Sometimes, when a conversation is ripe and moving along I ask, when you think of ‘Your People’, the people you identify with, who helped you to understand who you are and what life should be about: what did they look like? I don’t mean family. I meant the class of people your family identified with, how they carried themselves, the looks on their faces. Were they hard working blue collar, smart working professionals, starched military, counter culture artists, what? Not a cliche, beer & pizza question. From my recollection, my people have always been Los Pobres, the poor. It wasn’t tragic. Life was good but it was a struggle, every day: not my family in particular but all of us in general. I still identify with the poor.

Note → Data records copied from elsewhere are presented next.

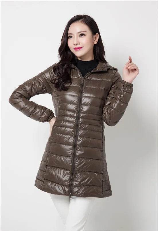 Introducing the Center Women's Lightweight Quilted Jacket, the ultimate blend of style and functionality. Perfect for spring and autumn, this ultra lightweight jacket is water and wind resistant, ensuring you stay comfortable in all weather conditions. With exceptional warmth thanks to its 90% white duck down filling, this jacket offers a cozy fit without the bulk.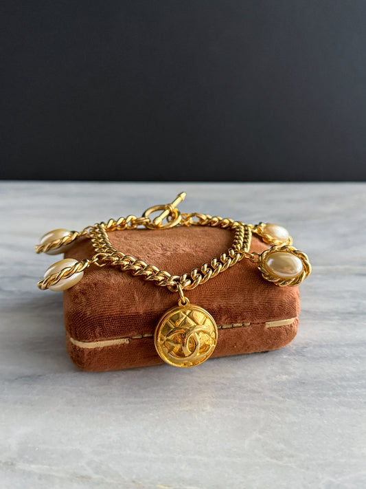 Gold chunky Authentic Reworked button bracelet pearls 🖤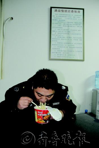 文/本报记者 罗静 片/本报记者 姜文洁 24日23时左右,刘子军处理完路上事故回到值班室,泡上一碗热腾腾的方便面吃起来。刘子军是青银高速淄博路政大队的一名普通工作人员,当晚正值平安夜,为了保障高速路行车平安和畅通,他和同事们仍然坚守在岗位上。 一起事故处理完马上奔赴下一个 24日20时07分,刘子军接到电话,K237济南方向有压车情况,不知原因。刘子军和他的搭档郝昱立即提上工具箱往外走。“这反光背心在值班时是时刻穿着的,一旦有情况可以马上上路,我们早到一会儿,高速路就能早一会儿畅通。” 一路上,刘子军和郝昱不时遇到有车辆占据应急车道的情况,刘子军就赶紧按警报。“有的车辆占据应急车道,一定程度上影响了赶去救援的速度。”一路疾驰后,终于到达了事发地点。只见一辆罐装车停在应急车道上,两个半米高的铁桶摆放在距车五六米远的地方,用作警示。刘子军下车后,先让驾驶员拿出车上的三角警示牌摆上。“在高速路上紧急停车后,要在距离停车地点后方150米远的地方摆上三角警示牌。”刘子军对货车司机说。经过了解,原是这辆罐装车在行驶中刹车打气用的气管断裂了,轮胎抱死,维修人员正在赶来的路上。处理完毕后,还没等上车,刘子军又接到了K257济南方向三车追尾事故的消息。刘子军和郝昱迅速上车赶往事故地点。因为怕耽误救援时间,刘子军给另一名值班队员打电话让其先赶过去处理。 23时左右,处理完事故的刘子军和郝昱回到了队上待命。 徒步一小时叫醒20公里车队 记者了解到,事故处理完后道路不能马上畅通。“夜里高速路上一般都是大车。一旦遇到交通事故,堵车了。大车司机开车都很累了,一般他们都把车停下、熄火,然后就睡觉了。即使是两个驾驶员也是都睡觉。我们处理完事故后还要挨着把他们叫醒。他们都睡得很沉,用警报都叫不起来,得拍车门才叫得醒。” 据介绍,一周前,刘子军值班的时候,凌晨发生了一起交通事故,大约凌晨1点就处理完事故了。因为大车司机都睡着了,刘子军和他的同事只能开着车一路对司机提供“叫醒服务”。这近20公里的车队,刘子军和他的同事用了近一个小时才全部把司机叫醒。“不叫醒不行啊,一是影响高速路的通畅;二是随便停在路上太危险了,又熄火了,没有灯光,很容易发生车祸。我们必须得把司机们都叫醒。”
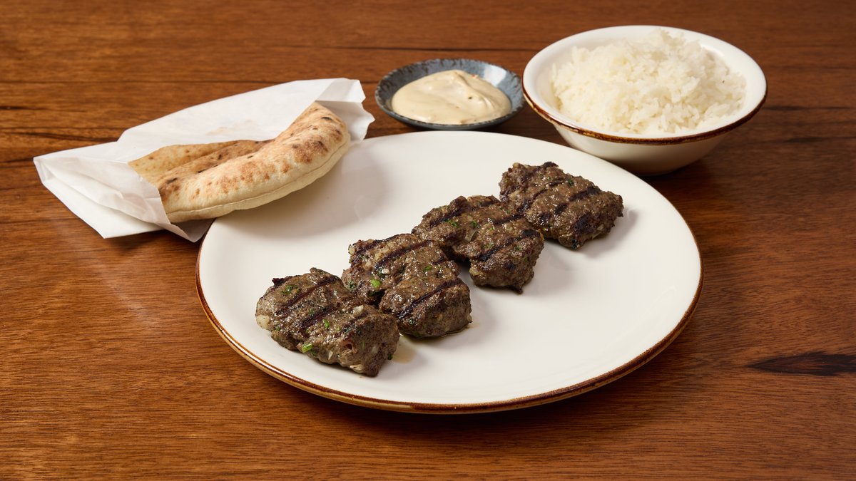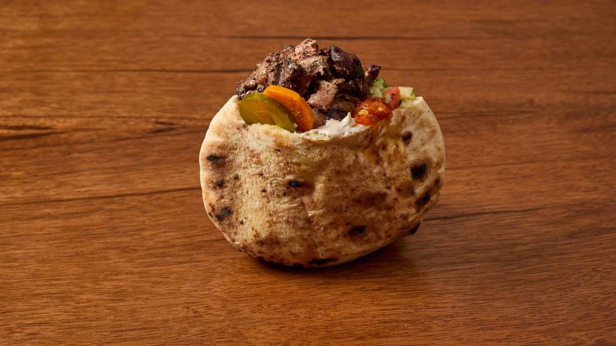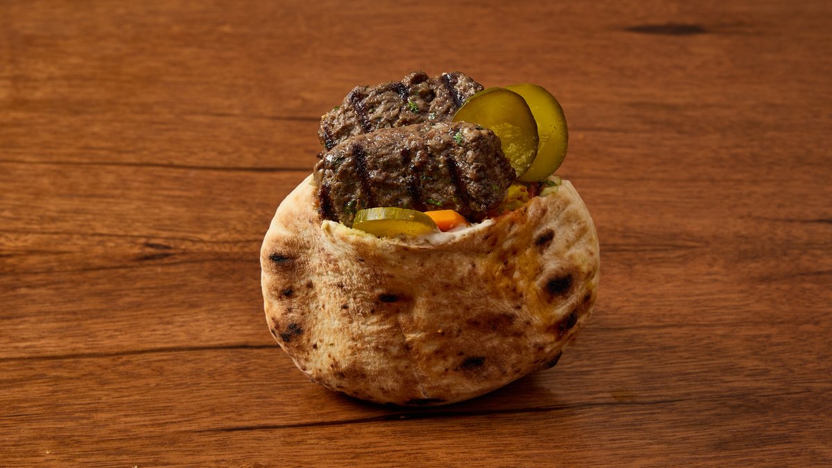 קבב בקר מוגש בפיתה, עם שני סלטים לבחירה בפנים

If you are poor, someone is worse off and you should be thankful for what you have. That is the lesson my mother never stopped teaching. The message seems to have lost its way with Make America Great Again. There but for the Grace of God . . .” You never, ever want to accept charity but you are required to be its instrument. Help those who are in need. In Los Algodones there are wealthy Mexicans and there are those who struggle every day. I saw them yesterday and again today. I am touched and their struggle is mine as well. Joseph Campbell said, “We can’t heal the sorrows of the world but we can chose to live with joy.” I work at that; thank you Jospeh Campbell. Jesus is credited with telling us, “The poor will always be with us.” But neither Campbell or Jesus meant that you shouldn’t care or that you are worthy and someone else is not.

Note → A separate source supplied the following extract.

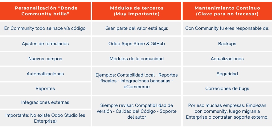 Desde un enfoque estratégico de negocio, Odoo Community se utiliza como una herramienta de ventaja competitiva, no solo como un ERP. Es cierto que permite reducir significativamente el coste de licencias, ya que se elimina el pago mensual por usuario (que en Odoo Enterprise ronda los 12 € al mes más IVA por usuario). Sin embargo, este ahorro implica asumir otro modelo de inversión: el acompañamiento de un partner. En Odoo Community no se paga por usuarios, sino por conocimiento y servicio, es decir, por las horas de implementación, configuración, desarrollo y soporte, ya sea mediante un servicio continuo o intervenciones puntuales cobradas por hora. Este coste no es estándar ni fijo, se define caso a caso, tras un análisis previo del negocio, sus procesos y necesidades reales, y siempre se acuerda directamente con el partner. Por eso, más que un gasto, Odoo Community se convierte en una inversión estratégica para crear soluciones a medida, diferenciarse de la competencia y escalar el negocio sin depender del número de usuarios.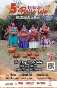 Oaxaca de Juárez, Oax. 8 de junio de 2022. El Gobierno del Estado a través de la Secretaría de las Culturas y Artes de Oaxaca (Seculta), el Instituto Oaxaqueño de las Artesanías (IOA) y Mujeres emprendedoras de Tlapazola A.C., invitan a la ciudadanía en general, turistas nacionales y extranjeros a ser partícipes de las actividades de la quinta feria del barro rojo a realizarse del 15 al 17 de julio en la explanada municipal de San Marcos Tlapazola, agencia de Tlacolula de Matamoros.

In her song ‘Weight Of The World’ Beth Hart comes around with a hook in the chorus, “I want to come home, before the weight of the world turns my heart to stone.” I listen to it again and again and my heart hasn’t turned to stone yet either. I didn’t need to come to Mexico to feel the weight of the world. In every city and town along my way, the poor are there in plain sight, American Riffraff. As a culture, we prefer to not see them so we don’t. But I can’t help it, I see them; there but for the Grace of God. I live a charmed life but when I search my soul, they’re my people.